- **Exercise**:
If pictures appear in the lines below, skip them and copy exactly the lines from the one containing "教育培训 ●公办乐清电大,您的学历进修首选!热推政府 学费补助专业——学前教育。学校另设浙大远程、" through the one containing "Με μεγάλη επιτυχία", and nothing else.

- **Information given**:

------------------------------------------------

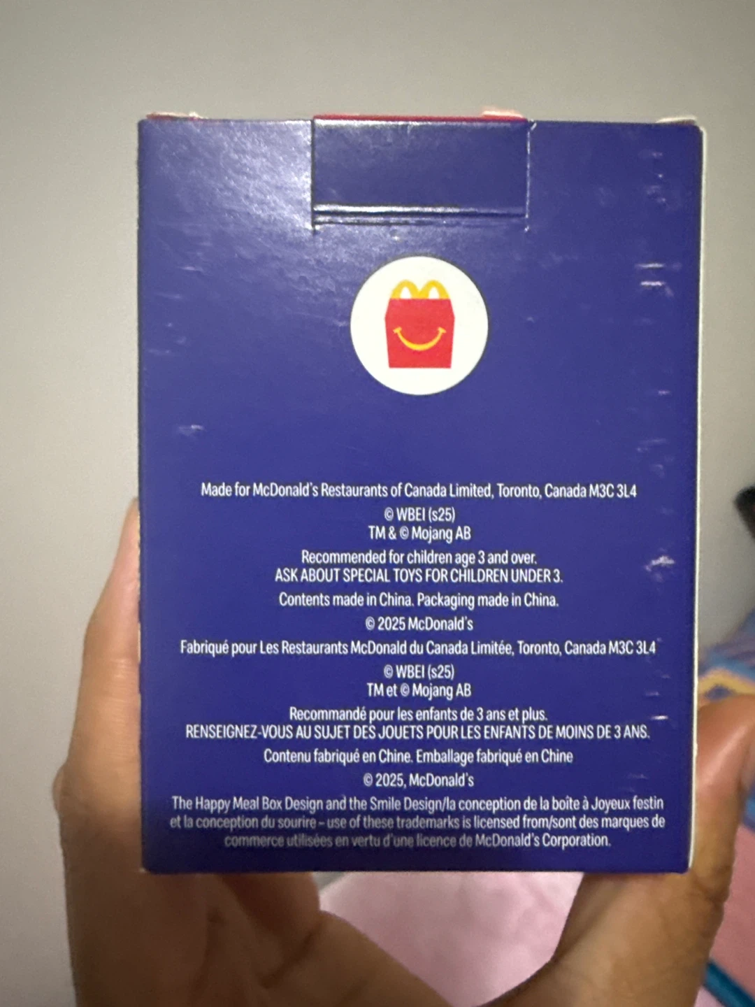 McDonald's Minecraft Movie figure for free. It's recommended for children age 3 and over. Packaging made in China
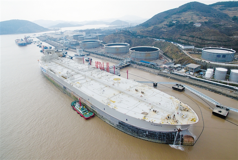 2月16日,超巨型原油轮“泰欧”号停泊在宁波舟山港大榭港区实华二期45万吨原油码头。当日下午,世界在航的最大载重吨级别船舶(超巨型原油轮)“泰欧”号在首次停泊宁波舟山港大榭港区实华二期45万吨原油码头完成卸油后离泊。 据了解,该轮船长380米,船宽68米,目前载重吨为41.9万吨。2月13日,装载33.96万吨原油的该船挂靠宁波舟山港大榭港区实华二期45万吨原油码头,创下挂靠宁波舟山港单艘油轮实际装载量最大的纪录。 新华社发
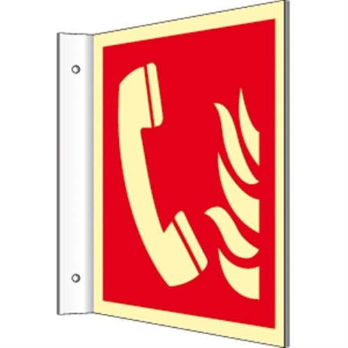 Fahnenschild Brandmeldetelefon ISO 7010, Kunststoff, nachl., 160-mcd, 200x200 mm
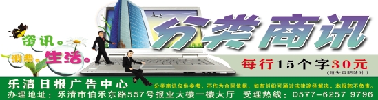 教育培训 ●公办乐清电大,您的学历进修首选!热推政府 学费补助专业——学前教育。学校另设浙大远程、 南开大学、东北师大及社区学院市民素质培训中 心,咨询报名:62525033 QQ:146343508 ●学历进修首选温州大学工商管理、会计、 机电一体化。高升专,专升本。里仁教育柳市 惠丰路86号 电话62722992 QQ549937649 ●北交大远程教育易过13868796070陈 ●高/中学生各科教师一对一精辅 优秀在职教师助你冲刺中考高考, 可试学 13736771201(教育网671201) 综合信息 ●乐清市地税局偷税举报 电话62575000 ●黄杨木雕小红工作室15157771710 遗失声明 遗失清江镇礁头村陈左旺土地使用证,宗地号:025-010-0185-0000,日期:1994年7月7日,声明作废。 遗失柳市镇刘宅村刘日开土地使用证,证号:2-2000-44-03723,宗地号:055-008-0222-0000,日期:2000年9月27日,声明作废。 遗失2009年6月8日核准的乐清市顺乐汽车用品有限公司营业执照(副本),注册号:330382000082628,声明作废。 遗失乐清市同茂电气有限公司国、地税税务登记证(副本),号码:330323104935774、330382080588675,声明作废。 遗失2013年10月21日核准的乐清市同茂电气有限公司营业执照(正本),注册号:330382000287965,声明作废。 遗失四都乡樟岙村万招强土地使用证,宗地号:034-011-0131-0000,日期:1997年10月9日,声明作废。 遗失四都乡樟岙村万招勇土地使用证,宗地号:034-011-0132-0000,日期:1997年10月9日,声明作废。 遗失浙江德熔电气有限公司国、地税税务登记证(正本),号码:330323102910021、330382795580829,声明作废。 遗失大荆镇大园村徐贤波土地使用证,证号:2-1996-02-04778,宗地号:010-002-0028-0000,日期:1996年6月16日,声明作废。 遗失南岳镇上庄村邱友桂土地使用证,宗地号:028-001-0074-0000,日期:1994年7月15日,声明作废。 遗失2012年1月9日核准的浙江键富电子有限公司营业执照(副本),注册号:330382000210461,声明作废。 遗失吴天平国、地税税务登记证(正、副本),号码:330323650327091、330323102164536,声明作废。 遗失卢云胜地税税务登记证(正、副本),号码:330323101278647、330323197710060411323,声明作废。 遗失淡溪镇寺西村黄崇球土地使用证,宗地号:031-010-0044-0000,日期:1995年4月13日,声明作废。 遗失淡溪镇寺西村薛方光土地使用证,宗地号:031-010-0106-0000,日期:1995年4月13日,声明作废。 遗失太平洋财产保险公司乐清支公司13版电脑发票,NO.00518679、00518680、00518687、00518688第二、三、四联,声明作废。 |
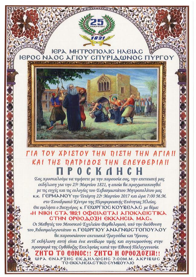 Με μεγάλη επιτυχία πραγματοποιήθηκε χθες 22/03/2017 και ώρα 1900, η Επετειακή Eκδήλωση για την 25η Μαρτίου που διοργανώθηκε από τον Ιερό Ναό Αγίου Σπυρίδωνος Πύργου.
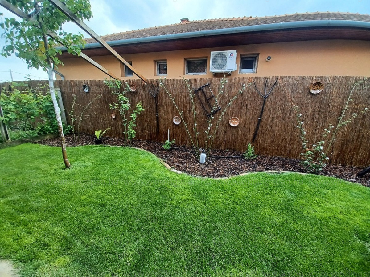 Az öntöző rendszerrel ellátott, gondosan megtervezett, parkosított telek gyönyörű pázsittal, termő gyümölcsfákkal, eperrel, szederrel, málnával, szőlővel beültetve, melynek locsolásáról fúrt kút gondoskodik.
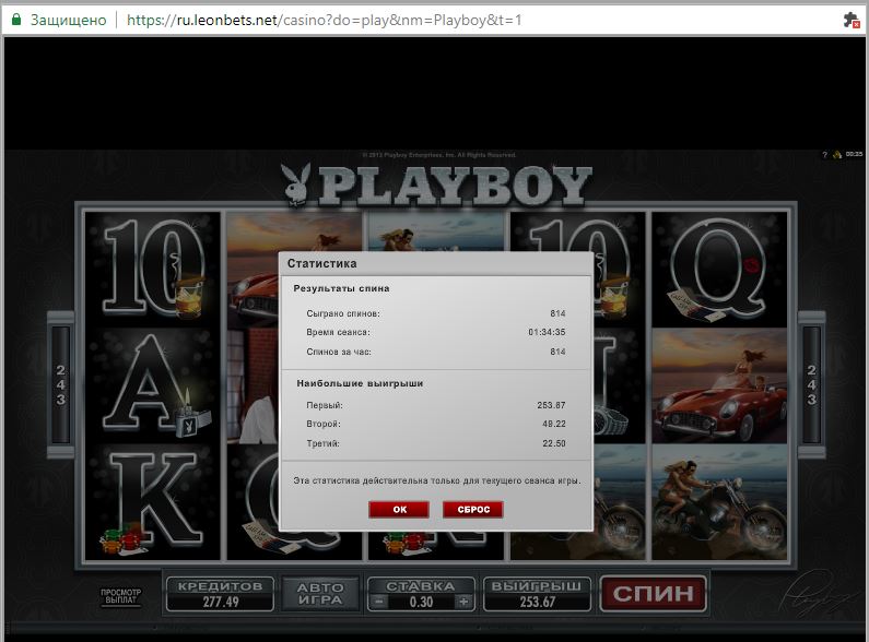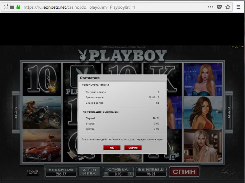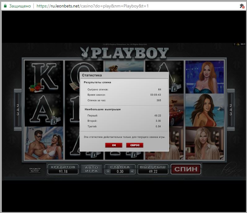 Мне однозначно понравился этот сайт, как я понял все игры лицензионные и проверяются eGOGRA… Покручиваю слот «ПлейБой» иногда повышая ставку вот и седня со второго спина насыпало немного. Хотелось бы увидеть 4 ваилда а может и …) Ну а пока ставка 90 коп коэф Х>100
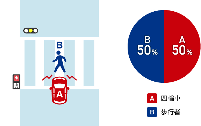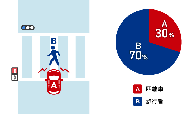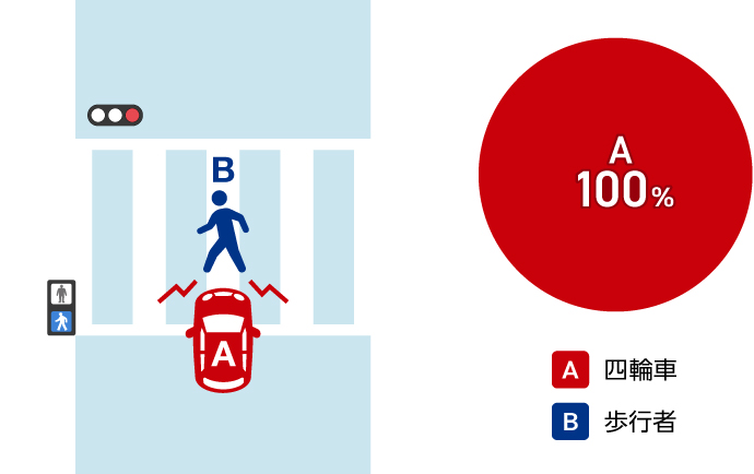 赤信号で進入した車Aと、青信号で横断開始した歩行者Bが衝突した場合
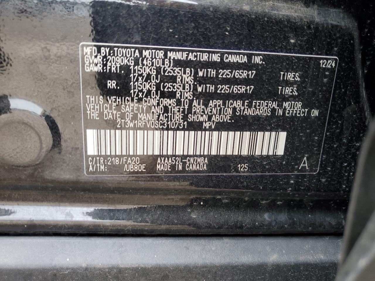 - ВИН: 2T3W1RFV0SC******
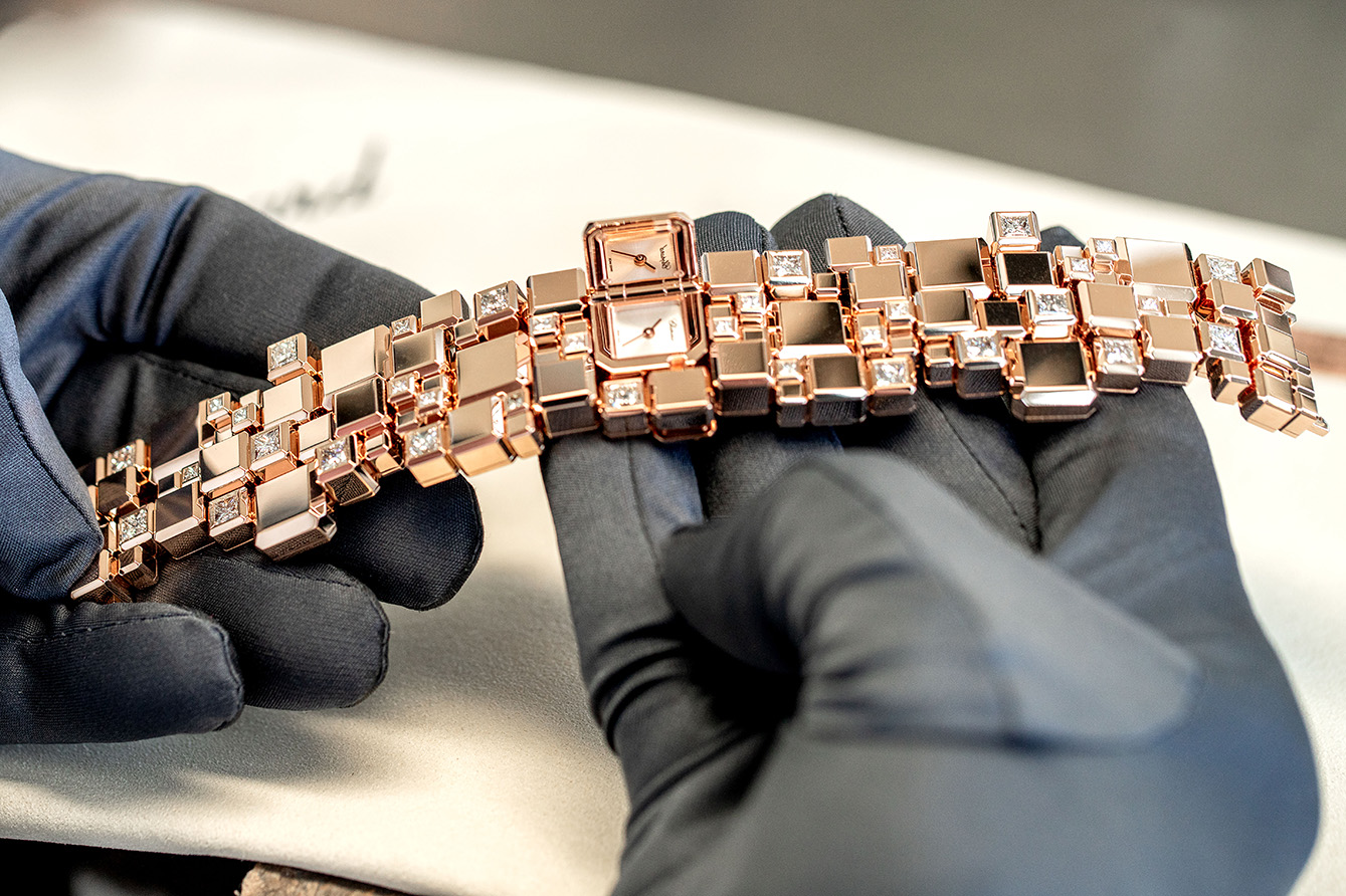 Permukaan perhiasan ini, yang dipoles hingga menghasilkan finishing bagaikan cermin, juga melewati proses hingga beberapa tahap. Masing-masing dipoles secara cermat dengan kain lembut dan kering (hand-buffed) hingga mencapai kilau khasnya, sementara bagian yang dihiasi berlian juga dipasang secara cermat dengan tangan. Peleburan teknologi canggih dan keahlian artisan ini mengangkat prestise koleksi Ice Cube, menjadikannya bukti nyata akan dedikasi Chopard terhadap kesempurnaan.

------------------------------------------------

- **Result of the task**:
 教育培训 ●公办乐清电大,您的学历进修首选!热推政府 学费补助专业——学前教育。学校另设浙大远程、 南开大学、东北师大及社区学院市民素质培训中 心,咨询报名:62525033 QQ:146343508 ●学历进修首选温州大学工商管理、会计、 机电一体化。高升专,专升本。里仁教育柳市 惠丰路86号 电话62722992 QQ549937649 ●北交大远程教育易过13868796070陈 ●高/中学生各科教师一对一精辅 优秀在职教师助你冲刺中考高考, 可试学 13736771201(教育网671201) 综合信息 ●乐清市地税局偷税举报 电话62575000 ●黄杨木雕小红工作室15157771710 遗失声明 遗失清江镇礁头村陈左旺土地使用证,宗地号:025-010-0185-0000,日期:1994年7月7日,声明作废。 遗失柳市镇刘宅村刘日开土地使用证,证号:2-2000-44-03723,宗地号:055-008-0222-0000,日期:2000年9月27日,声明作废。 遗失2009年6月8日核准的乐清市顺乐汽车用品有限公司营业执照(副本),注册号:330382000082628,声明作废。 遗失乐清市同茂电气有限公司国、地税税务登记证(副本),号码:330323104935774、330382080588675,声明作废。 遗失2013年10月21日核准的乐清市同茂电气有限公司营业执照(正本),注册号:330382000287965,声明作废。 遗失四都乡樟岙村万招强土地使用证,宗地号:034-011-0131-0000,日期:1997年10月9日,声明作废。 遗失四都乡樟岙村万招勇土地使用证,宗地号:034-011-0132-0000,日期:1997年10月9日,声明作废。 遗失浙江德熔电气有限公司国、地税税务登记证(正本),号码:330323102910021、330382795580829,声明作废。 遗失大荆镇大园村徐贤波土地使用证,证号:2-1996-02-04778,宗地号:010-002-0028-0000,日期:1996年6月16日,声明作废。 遗失南岳镇上庄村邱友桂土地使用证,宗地号:028-001-0074-0000,日期:1994年7月15日,声明作废。 遗失2012年1月9日核准的浙江键富电子有限公司营业执照(副本),注册号:330382000210461,声明作废。 遗失吴天平国、地税税务登记证(正、副本),号码:330323650327091、330323102164536,声明作废。 遗失卢云胜地税税务登记证(正、副本),号码:330323101278647、330323197710060411323,声明作废。 遗失淡溪镇寺西村黄崇球土地使用证,宗地号:031-010-0044-0000,日期:1995年4月13日,声明作废。 遗失淡溪镇寺西村薛方光土地使用证,宗地号:031-010-0106-0000,日期:1995年4月13日,声明作废。 遗失太平洋财产保险公司乐清支公司13版电脑发票,NO.00518679、00518680、00518687、00518688第二、三、四联,声明作废。 |
 Με μεγάλη επιτυχία πραγματοποιήθηκε χθες 22/03/2017 και ώρα 1900, η Επετειακή Eκδήλωση για την 25η Μαρτίου που διοργανώθηκε από τον Ιερό Ναό Αγίου Σπυρίδωνος Πύργου.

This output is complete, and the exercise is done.